TASK BRIEF: Exact copy, no pictures: reproduce every record below as it stands.
-- Opening Marker --
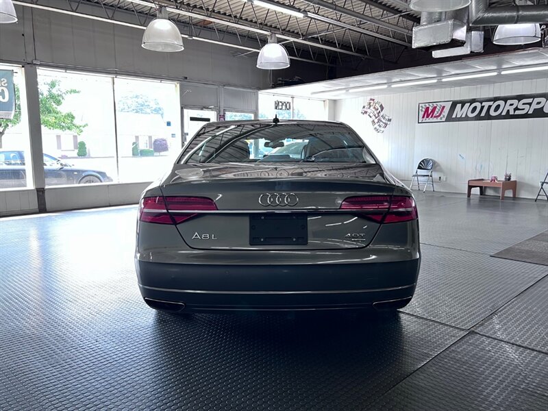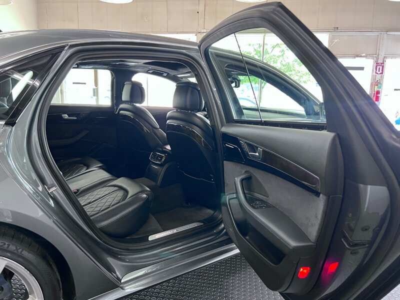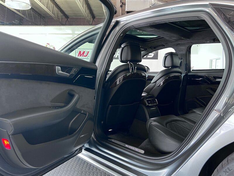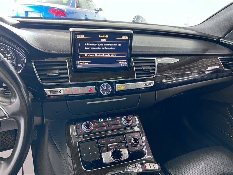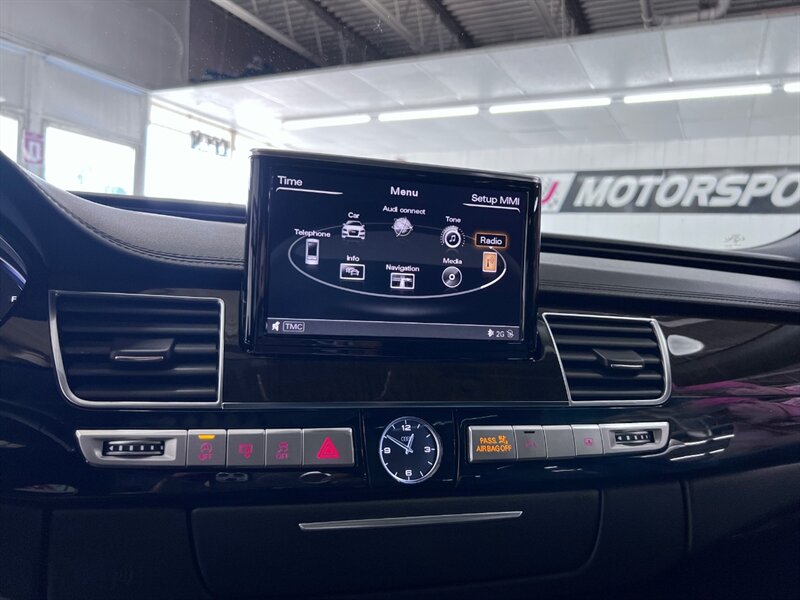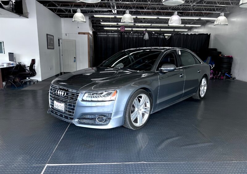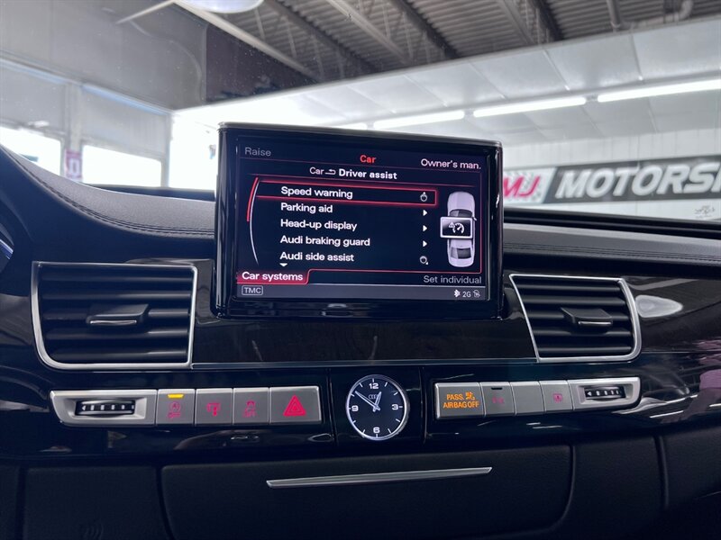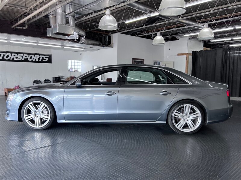 Presenting the luxurious 2016 Audi A8 L 4.0T quattro Sport in Monsoon Gray Metallic with a sophisticated Black Alcantara/premium leather interior. Equipped with a robust 4.0L Twin Turbo V8 engine delivering 450hp and 444ft. lbs. of torque, this vehicle offers both power and performance. The factory default features of this model ensure a comfortable and convenient driving experience, including advanced technology, premium materials, and innovative design elements. With optional packages such as the Cold Weather Package, Driver Assistance Package, and Dynamic Package, along with the desirable Black Alcantara Headliner, this Audi A8 L Sport is designed to exceed expectations. With a fuel efficiency of 18 MPG in the city and 29 MPG on the highway, this vehicle combines luxury with practicality. Maintained in excellent condition and accompanied by a clean CARFAX report, this Audi A8 L Sport is a remarkable choice for those seeking both style and substance.
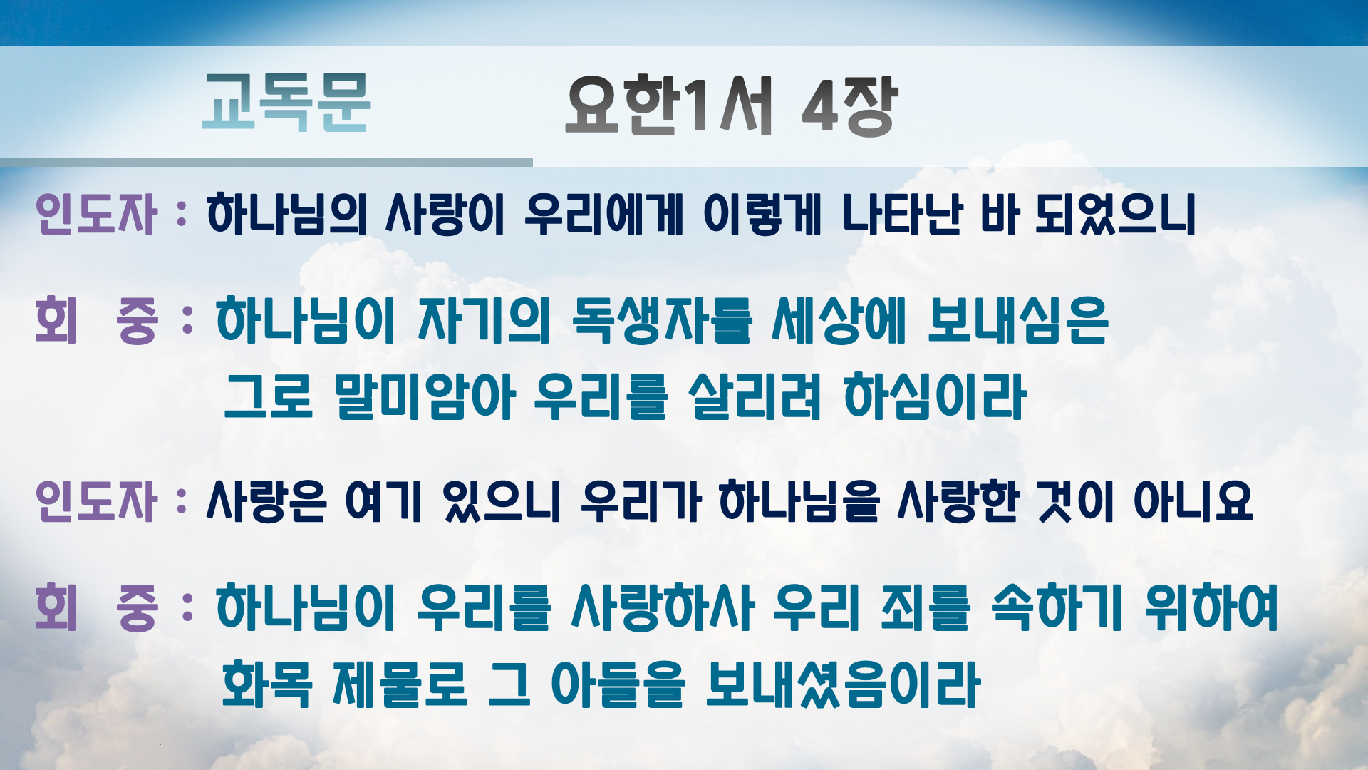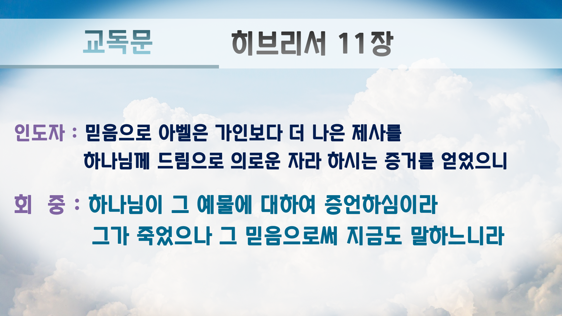교독문에는 원래 '아멘'이 없지만 PPT만 보는 회중쪽에서 언제 끝나는지 몰라하셔서 끝나는 곳에 '아멘'을 추가 했습니다.
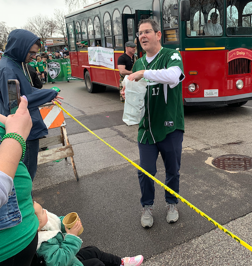 A man distributes goodies along the parade route. (David Giuliani/Patch)
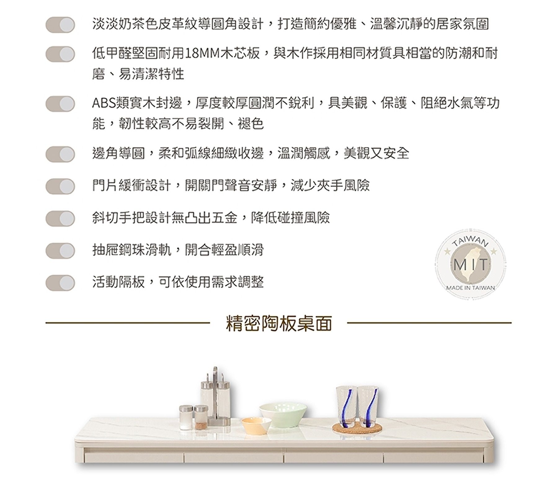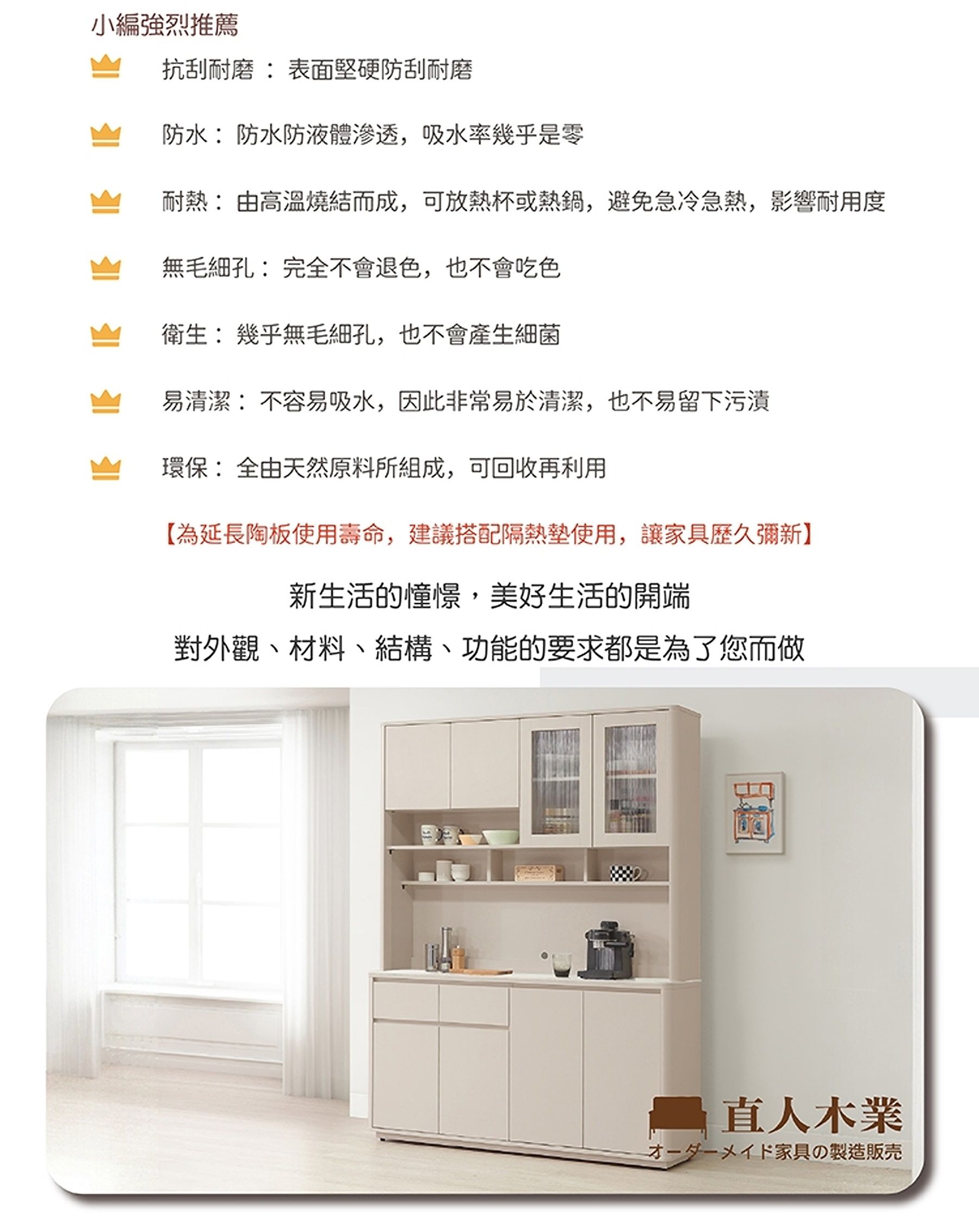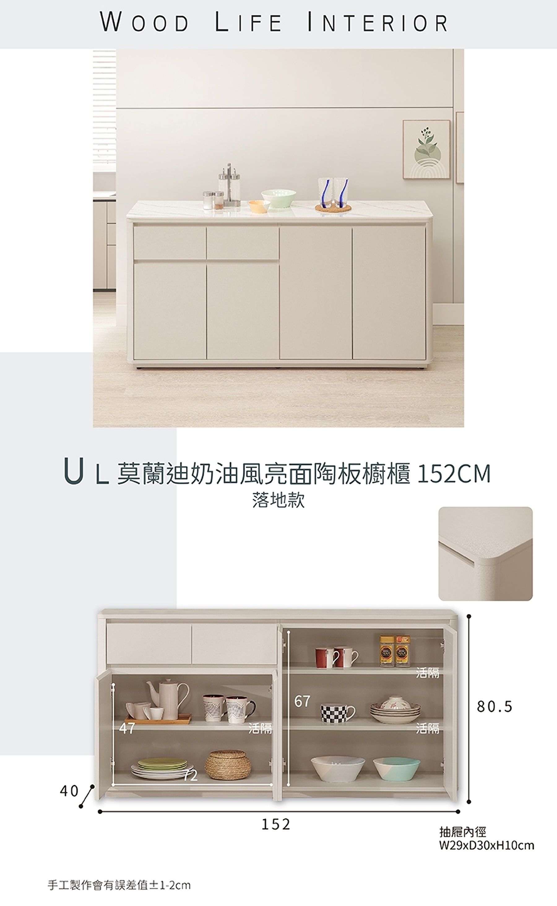 UL 莫蘭迪奶油風152CM亮面陶板櫥櫃
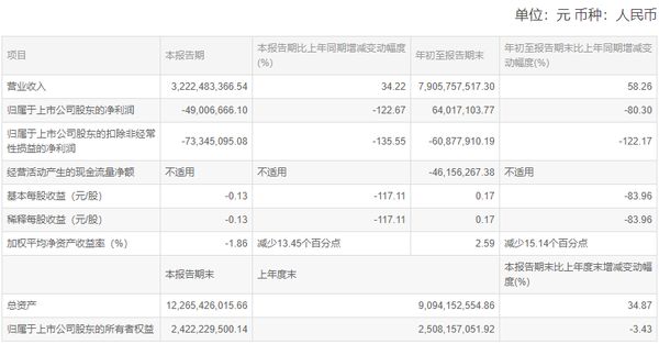 报告显示,第三季度三棵树涂料股份有限公司实现营业收入32.22亿元,同比增长34.22%;归属于上市公司股东的净亏损为4900.67万元;基本每股收益为-0.13元/股。
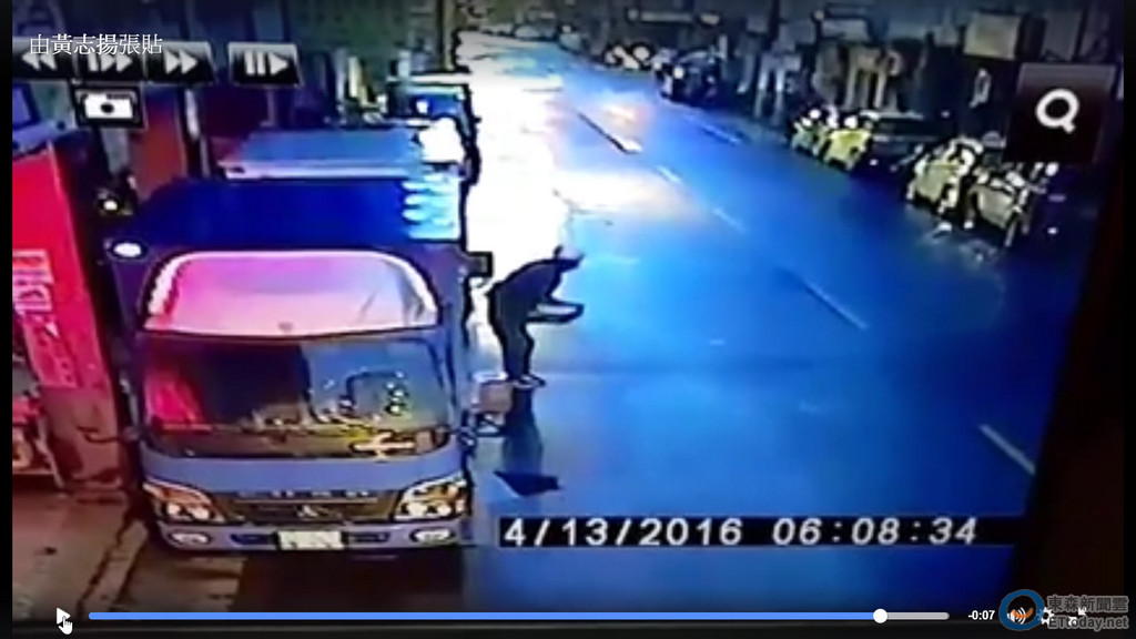 ▲透過店家監視器發現,張姓男子熟熟路爬上貨車,準備偷蛋。(圖/記者楊佩琪翻攝)
-- Closing Marker --
ANSWER SPACE:
 Presenting the luxurious 2016 Audi A8 L 4.0T quattro Sport in Monsoon Gray Metallic with a sophisticated Black Alcantara/premium leather interior. Equipped with a robust 4.0L Twin Turbo V8 engine delivering 450hp and 444ft. lbs. of torque, this vehicle offers both power and performance. The factory default features of this model ensure a comfortable and convenient driving experience, including advanced technology, premium materials, and innovative design elements. With optional packages such as the Cold Weather Package, Driver Assistance Package, and Dynamic Package, along with the desirable Black Alcantara Headliner, this Audi A8 L Sport is designed to exceed expectations. With a fuel efficiency of 18 MPG in the city and 29 MPG on the highway, this vehicle combines luxury with practicality. Maintained in excellent condition and accompanied by a clean CARFAX report, this Audi A8 L Sport is a remarkable choice for those seeking both style and substance.
교독문에는 원래 '아멘'이 없지만 PPT만 보는 회중쪽에서 언제 끝나는지 몰라하셔서 끝나는 곳에 '아멘'을 추가 했습니다.
 A man distributes goodies along the parade route. (David Giuliani/Patch)
 UL 莫蘭迪奶油風152CM亮面陶板櫥櫃
 报告显示,第三季度三棵树涂料股份有限公司实现营业收入32.22亿元,同比增长34.22%;归属于上市公司股东的净亏损为4900.67万元;基本每股收益为-0.13元/股。
 ▲透過店家監視器發現,張姓男子熟熟路爬上貨車,準備偷蛋。(圖/記者楊佩琪翻攝)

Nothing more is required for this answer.